Approval given for CDBG projects and tentative budget

KINGMAN - It took less than 30 minutes to approve two resolutions - one to move forward with an application for a $431,484 Community Development Block Grant and one to approve the 2012-2013 tentative budget.

It's not that City Council made these decisions without discussion. In fact, quite the opposite occurred. Lengthy discussions conducted at two previous meetings paved the way for quick decision-making Tuesday.

First, the $431,484 grant application through the Arizona Department of Housing would pay for three projects as well as the administration costs associated with each. The projects are:

• Continuing the city's owner occupied housing rehabilitation program ($232,453).

• Replacing 2,200-feet of sewer line between Fairfax and Fifth streets and connecting about 30 homes to the line ($90,000).

• Partnering with Mohave Community College to implement a specialized mobile training unit that will provide on-site work related education at businesses mostly located at the Kingman Industrial Park ($31,363). Kingman and MCC plan to split the cost equally.

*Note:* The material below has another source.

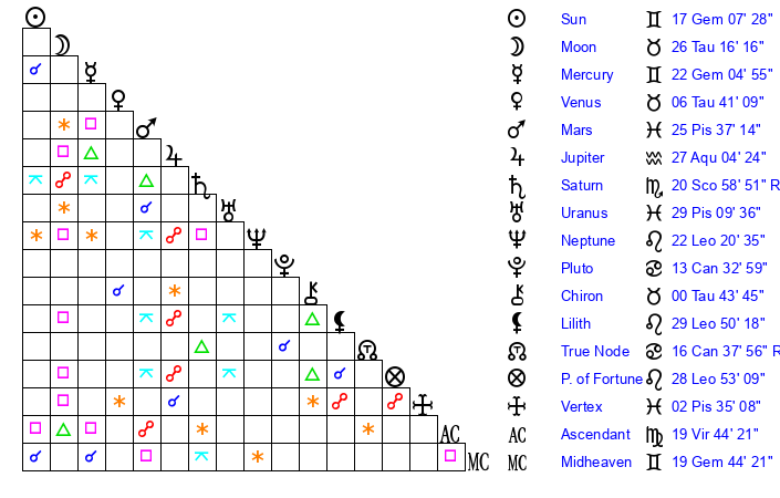 | Jupiter | 26 Aquarius 58 | 29 Gemini 44 | 18 Aquarius 30 |

Council discussed potential projects at length Feb. 21. Councilmember Janet Watson was concerned with the MCC on-the-job training unit because she didn't necessarily agree with paying for something that's outside the city limits.

MCC President Michael Kearns said at the time that the college was trying to create a mobile, on-the-job training facility that could be used to train new employees and current employees at the various manufacturing businesses in the county.

Councilman Richard Anderson asked why MCC didn't go to the county for funding, especially since the county was expected to get the same amount of Community Development Block Grant funding.

Kearns said Kingman would benefit the most from the project because the majority of manufacturing businesses in the county are near or in Kingman.

Vice Mayor Robin Gordon recommended splitting the costs with MCC rather than paying for it outright, and that's what Council approved.

Tuesday, Kingman Grants Administrator Bill Shilling told Council that MCC secured half the funding discussed during the February meeting.

Although the CDBG application discussion was a public hearing and members of the community were asked to provide feedback regarding the projects, no one showed up to speak. With that, Council unanimously approved moving forward with the application to ADOH.

In other quick business, Council unanimously approved the fiscal year 2012-2013 budget.

That means appropriations are set at $163.4 million. Kingman Finance Director Coral Loyd said that if every single penny of appropriated money is spent, this budget would leave the city with a fund balance of a little more than $4 million going into FY 2013-2014's budget process - leaving the city in "OK shape." However, the fund balance could be as much as $7 million depending on exactly what is spent over the course of the year.

Councilwoman Carole Young mentioned that this is the easiest budget she's ever been involved with. Other members of Council agreed, pointing to a convoluted strategy session conducted in February. Though at the time the two-day meeting seemed like a waste, it was clear in April that it had indeed helped create a more concise budget process as Council went through the preliminary budget like wildfire.

Some of the big expenditures planned for the coming fiscal year include, but are not limited to, five police vehicles ($215,000), in-car cameras ($40,000) and security gates at the police station ($28,000). Also, the city will combine $40,130 of bar and restaurant tax revenue with the $384,870 coming from revenue raised by the 2-percent bed tax to replace a 13-year-old fire engine. The city also worked out a longevity program for its employees - something suggested at the February strategy meeting - that will award employees with one-time stipends based on their years of service. It will cost the city $227,000, with about $135,000 coming from the general fund.

Council talked about wanting to conduct the budget process similarly in the future, as the way it was done this year was far superior to previous years.